Neben Deepfakes enthält Art. 50 KI-VO weitere Transparenzpflichten. Nach Art. 50 Abs. 1 KI-VO muss bereits der Anbieter ein zur direkten Interaktion mit natürlichen Personen bestimmtes KI-System so „konzipieren und entwickeln”, dass die Nutzer erkennen, dass sie mit einer KI interagieren (Compliance-by-Design). Die Pflicht entfällt, wenn dies „aus Sicht einer angemessen informierten, aufmerksamen und verständigen natürlichen Person … offensichtlich” ist.
Dies betrifft beispielsweise KI-gestützte Vertriebsassistenten, Kundenservice-Chatbots, virtuelle Fahrzeugberater, Sprachassistenten auf Webseiten und KI-basierte Supportfunktionen in Apps.

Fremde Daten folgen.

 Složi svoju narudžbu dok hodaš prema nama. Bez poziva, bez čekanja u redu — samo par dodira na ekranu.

Für Hersteller und Händler bedeutet dies, dass sie die Erkennbarkeit der KI in ihren eigenen Oberflächen sicherstellen sollten, sodass Nutzer bereits zu Beginn der Interaktion erkennen können, dass sie mit einer KI kommunizieren.

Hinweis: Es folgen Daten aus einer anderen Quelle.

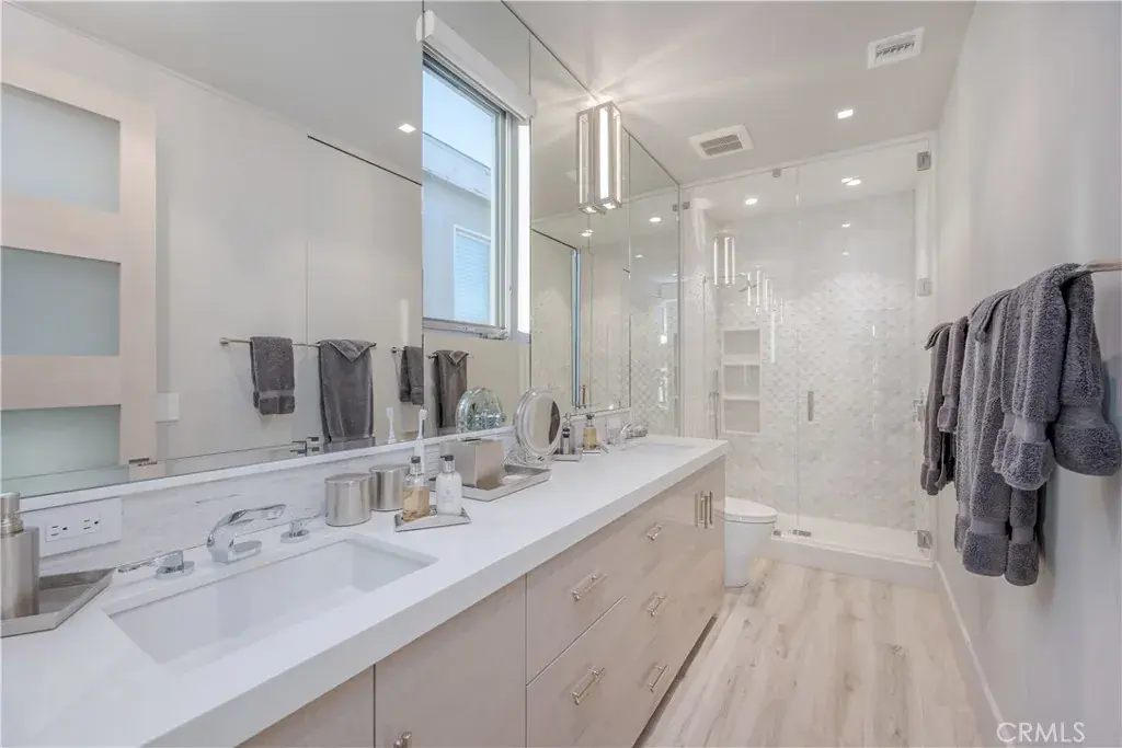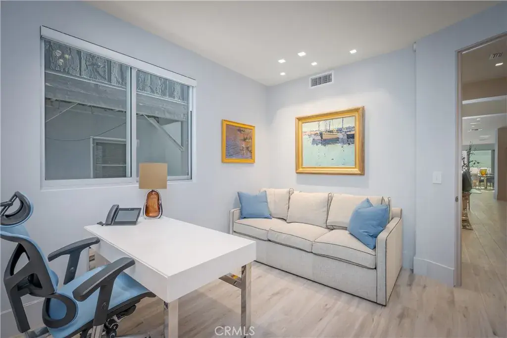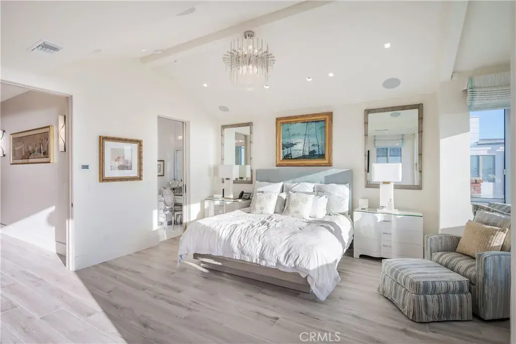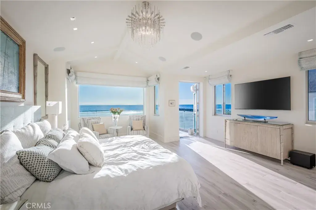 Experience refined coastal living in this semi-modern oceanfront masterpiece, ideally positioned near the end of the iconic boardwalk of Newport Beach. Remodeled and taken down to the studs in 2007, this exceptional residence blends soft contemporary design with thoughtful, high-end upgrades throughout. Offering 3 spacious bedrooms and 3 beautifully appointed baths, the home also includes a private office on the main level that can easily be converted into a 4th bedroom. Designed with convenience in mind, the property features a custom elevator. At the heart of the home is a gorgeous chef’s kitchen, designed to impress both visually and functionally. Showcasing a large center island with, stunning porcelain stoneware countertops, and high-end appliances. The first floor is raised approximately 3.5 feet above the boardwalk, creating one of the closest vantage points available to enjoy unobstructed views of the crashing waves. Full-width sliding glass doors open seamlessly to a large beachside front porch, perfect for soaking in the ocean breeze. From this elevated position, take in panoramic coastline views, glowing sunsets, and even Catalina Island. Upstairs, the primary suite faces straight out to commanding ocean views and opens to a private balcony overlooking the water. The spa-inspired primary bath is truly elaborate, featuring dual under-lit sinks, a spacious walk-in shower, a TV integrated within the mirror, and a custom-designed walk-in closet.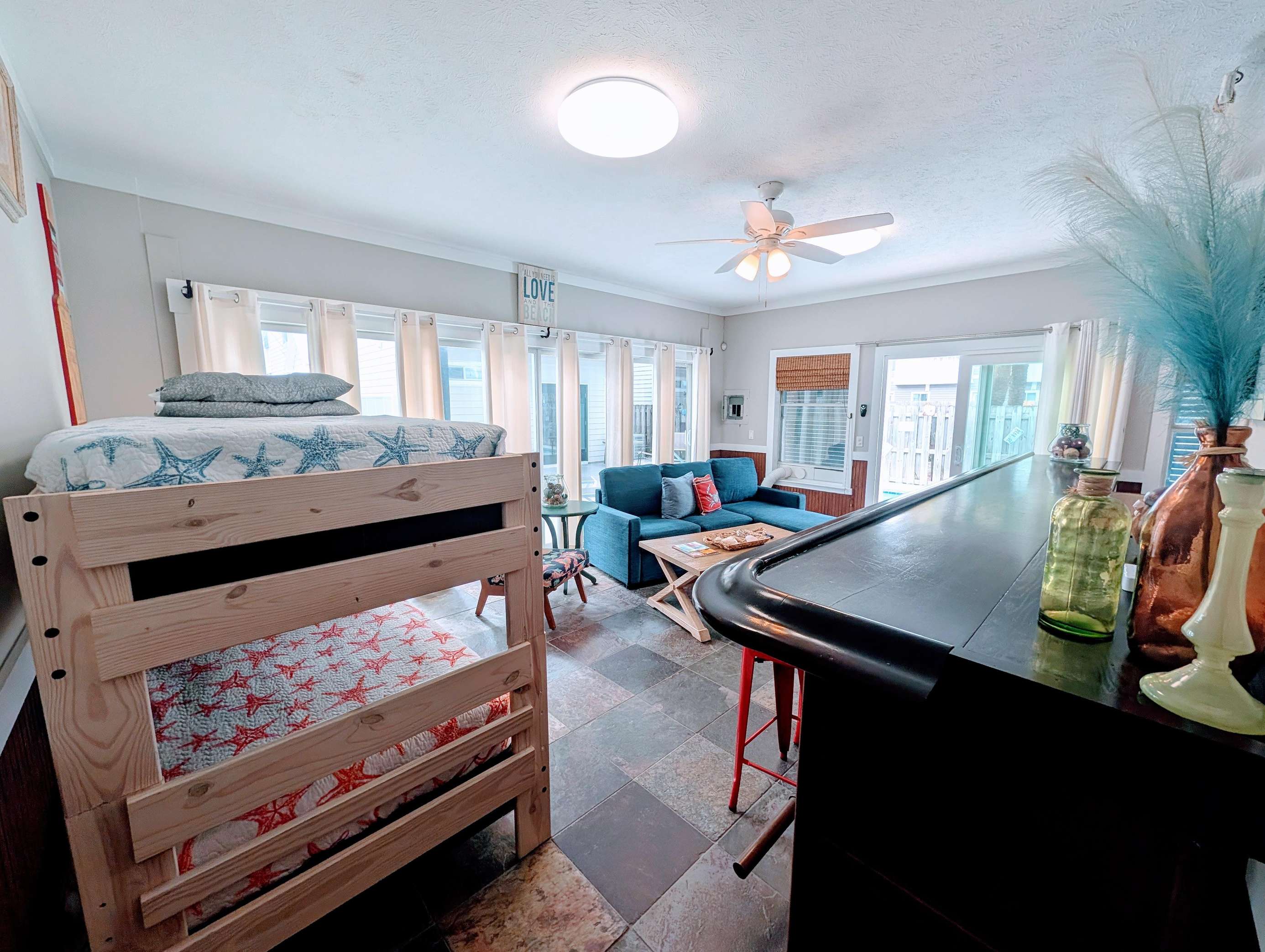 Bright and cozy bunk bedroom with cheerful coastal decor

Die Zahl der Anwendungsfälle wächst rasch: KI-Sprachassistenten zur Fahrzeug- und Navigationssteuerung, dialogfähige In-Car-Assistenten auf Basis großer Sprachmodelle, KI-gestützte Concierge- und Empfehlungsdienste, generierte Sprachausgaben sowie KI-gestützte Kundensupport- und Servicefunktionen im Fahrzeug. Rechtlich sind solche interaktiven Systeme regelmäßig als KI-Systeme einzuordnen, die für die direkte Interaktion mit natürlichen Personen bestimmt sind, und unterfallen damit der Transparenzpflicht des Art. 50 Abs. 1 KI-VO. Der Fahrer bzw. Insasse muss also erkennen können, dass er mit einer KI und nicht mit einem Menschen kommuniziert.

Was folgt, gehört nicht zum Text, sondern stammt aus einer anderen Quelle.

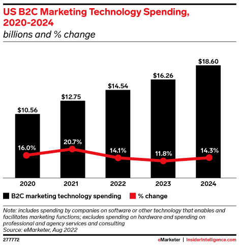 Marketing technology (martech) represents a strategic investment for business-to-consumer (B2C) brands aiming to engage and build relationships with individuals. Despite a post-pandemic dip in growth rate, robust spending will lead to a $14.54 billion market in 2022.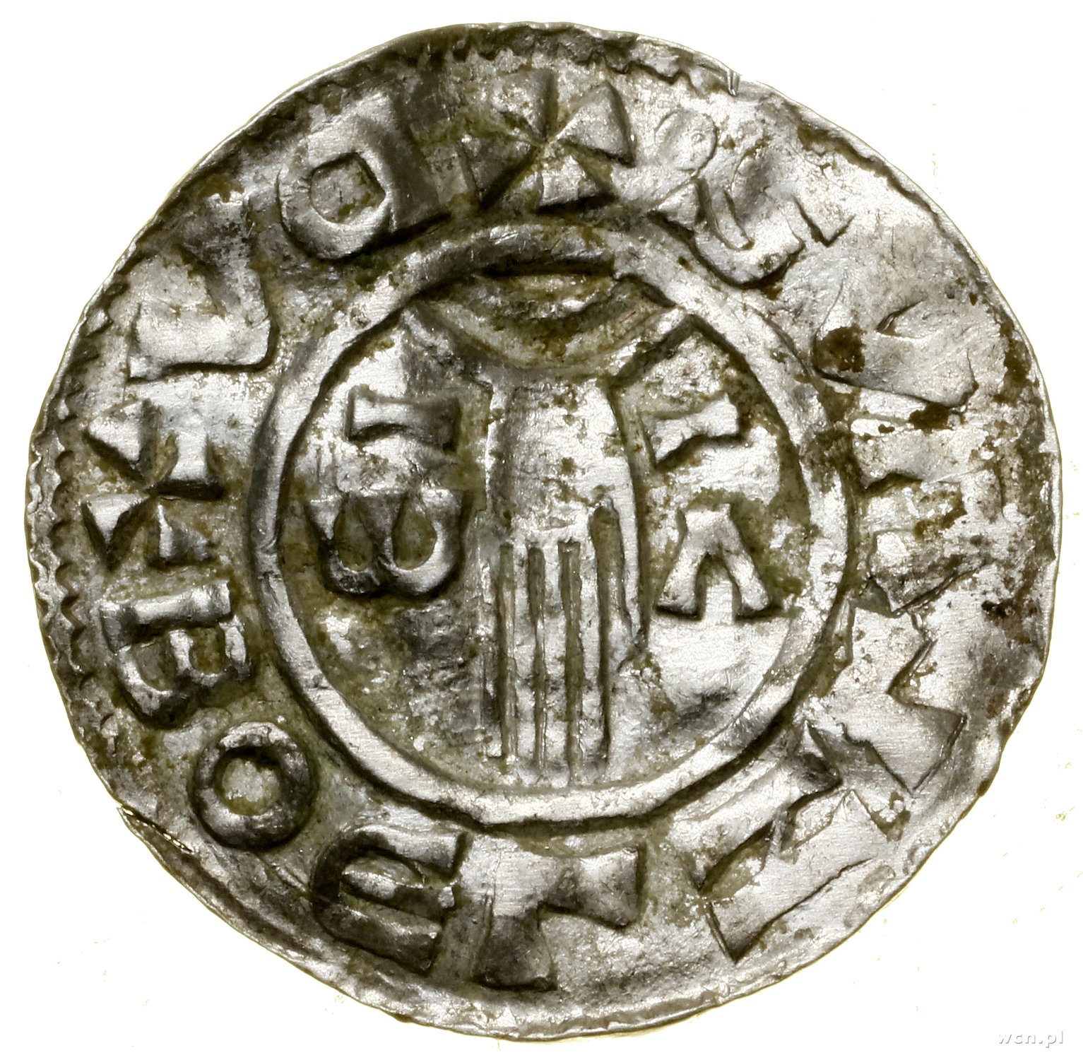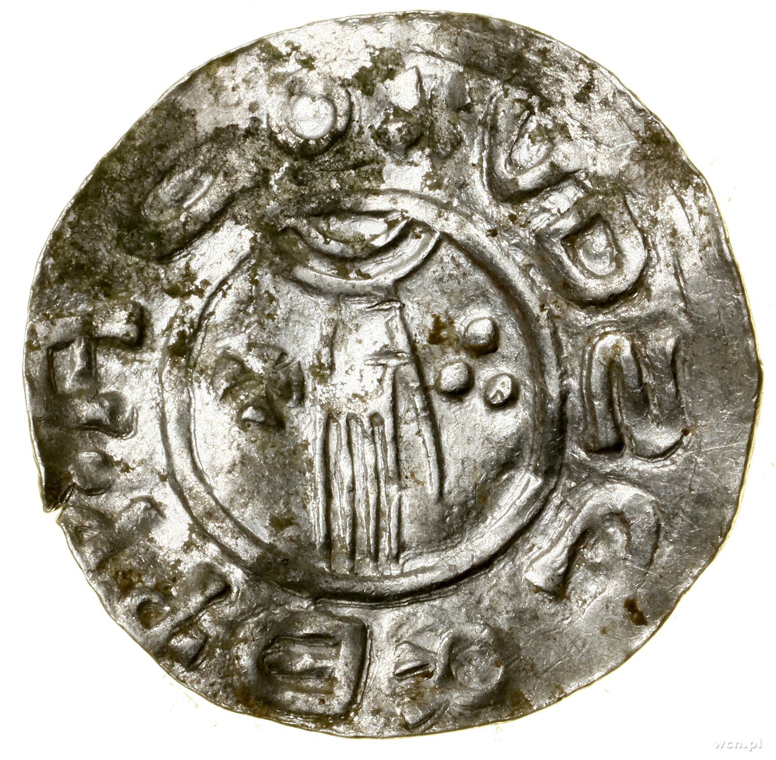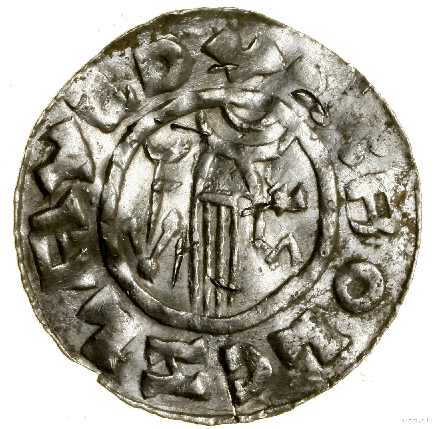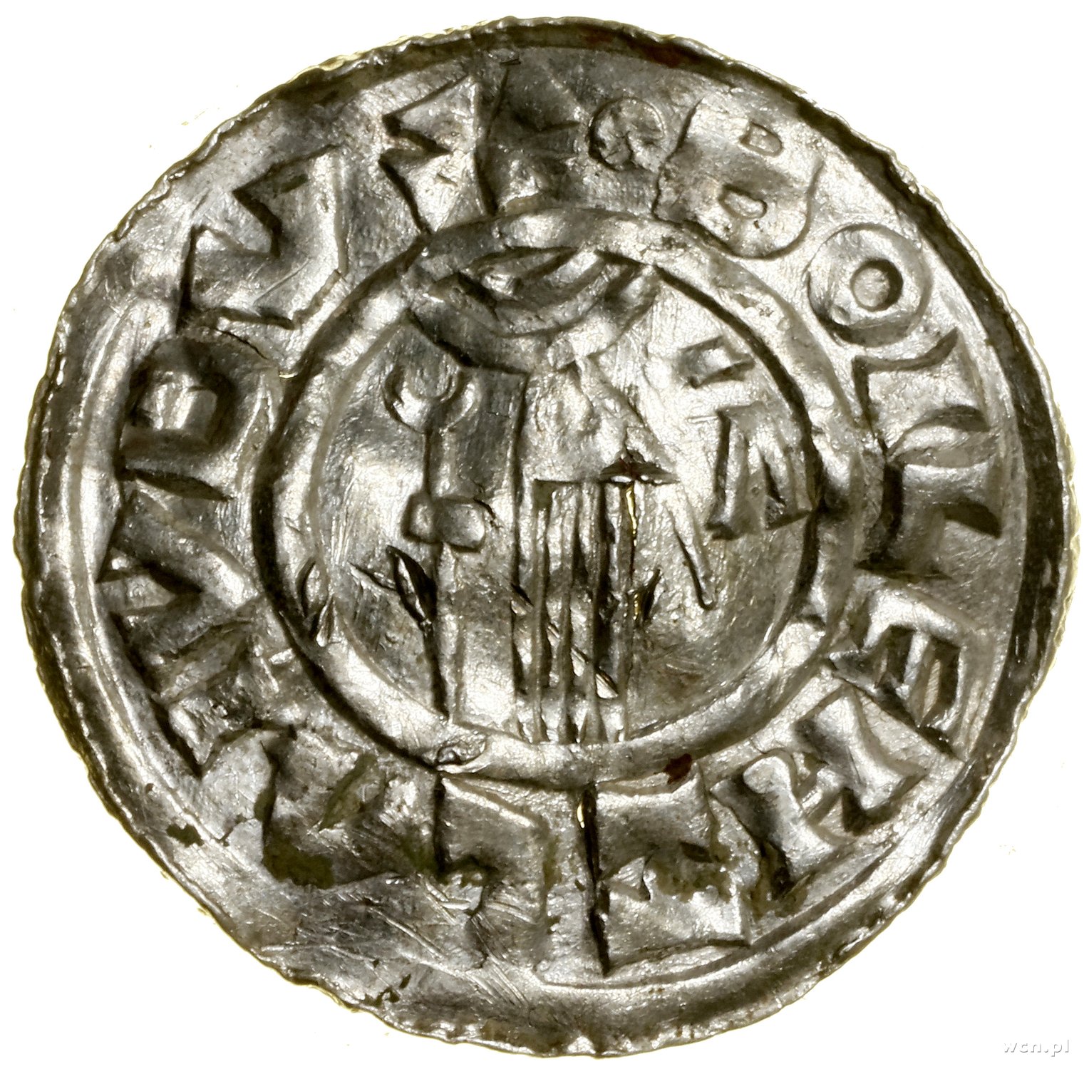 | 33 | CZECHY / Bolesław II (972–999) Denar, (972–999), Wyszehrad (Praga); Aw: Dłoń opatrzności, • BOILEHZLΛIV DVX; Rw: Dach świątyni, niżej BOZE, ISEGRΛD CIVITΛ ︙ SV; Cach 142 (podobne), Frynas B.1.34 (.. |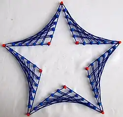 Un calcul d'enveloppe facile à réaliser matériellement consiste à relier par des ficelles des pointes formant une figure simple. Ainsi, on peut construire deux rangées de pointes formant des intervalles réguliers, et relier successivement les pointes de l'une et l'autre rangée. L'enveloppe est la courbe « dessinée » par l'entrelacs de ficelles.

Für die Head Unit gilt derselbe Maßstab wie für Chatbots im Web oder in Apps: Adressat der Pflicht ist primär der Anbieter, der das System so „konzipieren und entwickeln" muss, dass die Nutzer über die KI-Interaktion informiert werden (Compliance-by-Design). Die Pflicht entfällt nur, soweit die KI-Nutzung „aus Sicht einer angemessen informierten, aufmerksamen und verständigen natürlichen Person" ohnehin offensichtlich ist.
In der Praxis bleibt dieser Verzicht auf Evidenzfälle beschränkt; schon zur Vermeidung rechtlicher Unsicherheiten sind vorsorgliche Hinweise ratsam. Generiert das System darüber hinaus synthetische Sprach-, Bild- oder Videoausgaben, kommt zusätzlich die maschinenlesbare Kennzeichnungspflicht des Art. 50 Abs. 2 KI-VO in Betracht, die den Anbieter trifft. Für eingebettete Fahrzeugsysteme, die in einer technisch kontrollierten, geschlossenen Umgebung arbeiten und deren Output das Produkt nicht verlässt, lässt der Code of Practice insoweit eine einzige Markierungsschicht genügen.
Abgrenzungsfragen dürften insbesondere bei der Einbindung Dienste Dritter im Fahrzeug entstehen, z.B. dem Dienst eines externen Anbieters einer Sprachsteuerung. Für die jeweiligen Verantwortlichkeiten wird es hier maßgeblich auf die konkrete Implementierung ankommen und wie der Dienst vom Nutzer tatsächlich angewendet und wahrgenommen wird.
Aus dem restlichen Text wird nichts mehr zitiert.